Start of Exercise materials
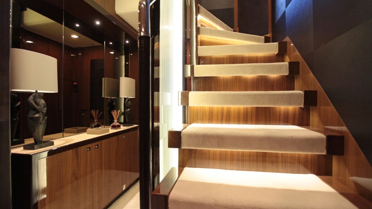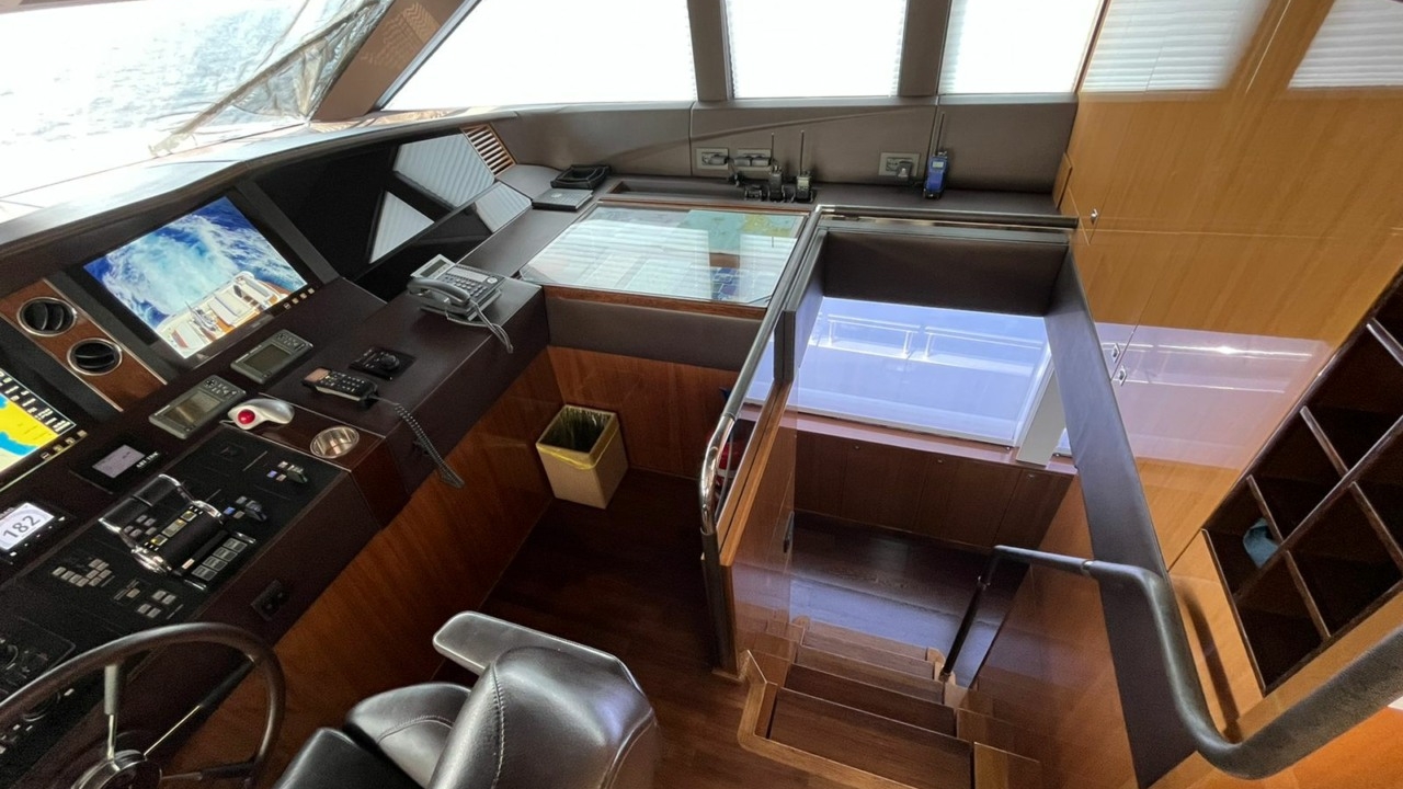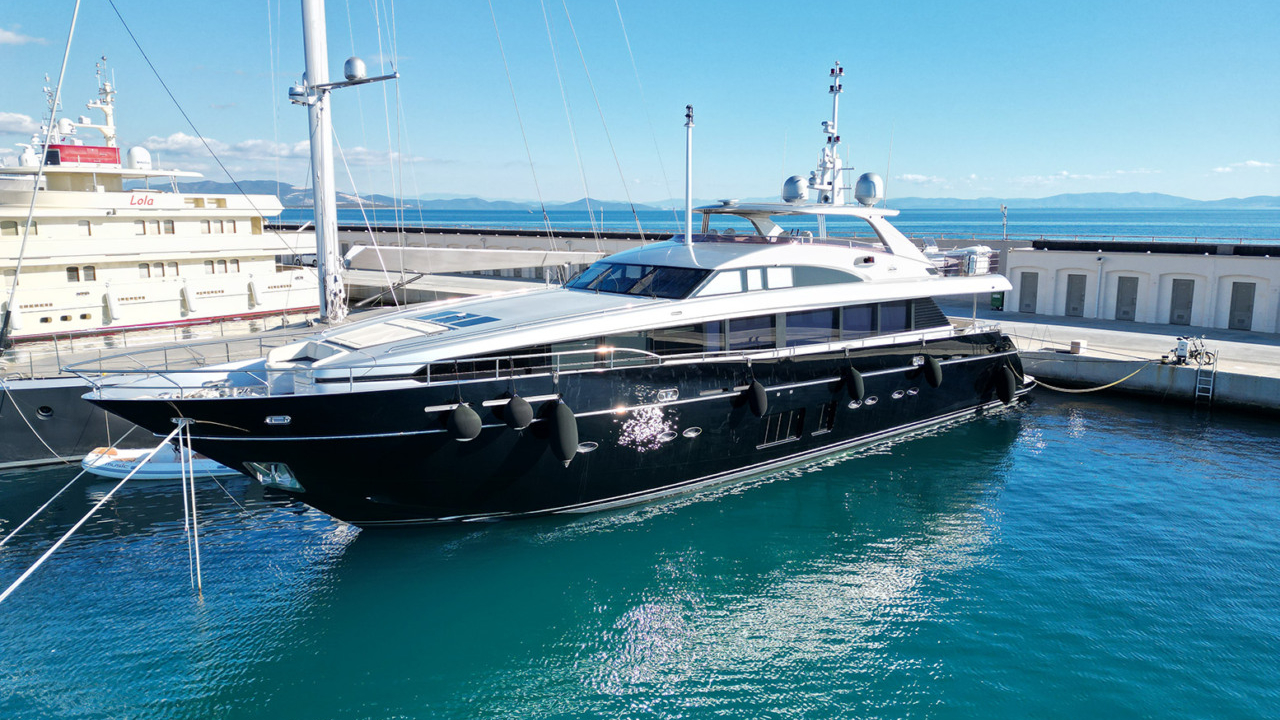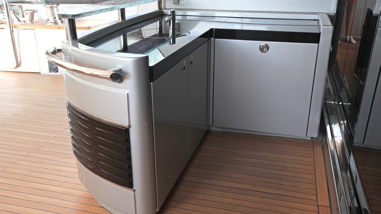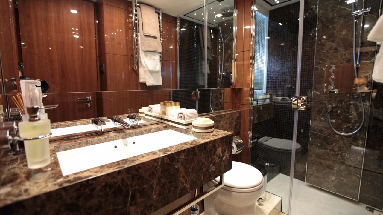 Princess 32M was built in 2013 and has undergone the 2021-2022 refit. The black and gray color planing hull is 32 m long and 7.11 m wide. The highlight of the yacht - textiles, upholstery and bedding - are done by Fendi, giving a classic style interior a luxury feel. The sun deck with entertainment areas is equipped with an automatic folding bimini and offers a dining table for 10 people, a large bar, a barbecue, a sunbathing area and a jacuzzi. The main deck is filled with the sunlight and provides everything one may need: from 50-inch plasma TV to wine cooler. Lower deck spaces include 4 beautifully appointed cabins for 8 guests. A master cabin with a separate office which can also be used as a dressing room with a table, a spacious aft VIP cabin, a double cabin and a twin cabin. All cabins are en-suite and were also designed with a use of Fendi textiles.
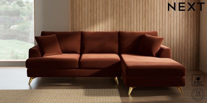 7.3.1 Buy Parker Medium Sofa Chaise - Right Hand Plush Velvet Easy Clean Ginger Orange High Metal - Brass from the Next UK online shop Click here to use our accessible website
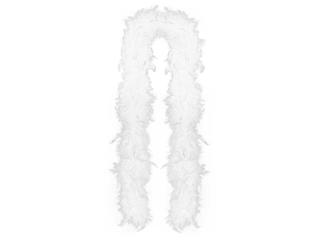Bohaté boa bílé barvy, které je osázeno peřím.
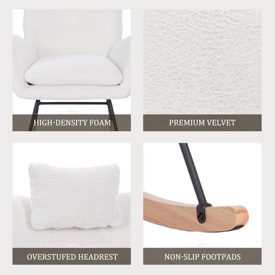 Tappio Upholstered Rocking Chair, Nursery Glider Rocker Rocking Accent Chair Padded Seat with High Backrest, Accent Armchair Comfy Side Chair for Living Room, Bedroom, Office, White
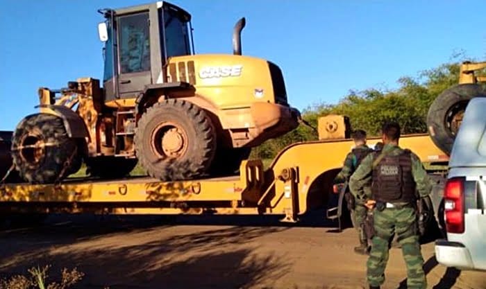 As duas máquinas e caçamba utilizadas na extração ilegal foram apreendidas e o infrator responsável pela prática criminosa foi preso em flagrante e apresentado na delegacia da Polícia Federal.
End of Exercise materials
With the pictures left out, copy exactly the lines from the line holding "Bohaté boa bílé" through the final line of the records, including both.

Bohaté boa bílé barvy, které je osázeno peřím.
 Tappio Upholstered Rocking Chair, Nursery Glider Rocker Rocking Accent Chair Padded Seat with High Backrest, Accent Armchair Comfy Side Chair for Living Room, Bedroom, Office, White
 As duas máquinas e caçamba utilizadas na extração ilegal foram apreendidas e o infrator responsável pela prática criminosa foi preso em flagrante e apresentado na delegacia da Polícia Federal.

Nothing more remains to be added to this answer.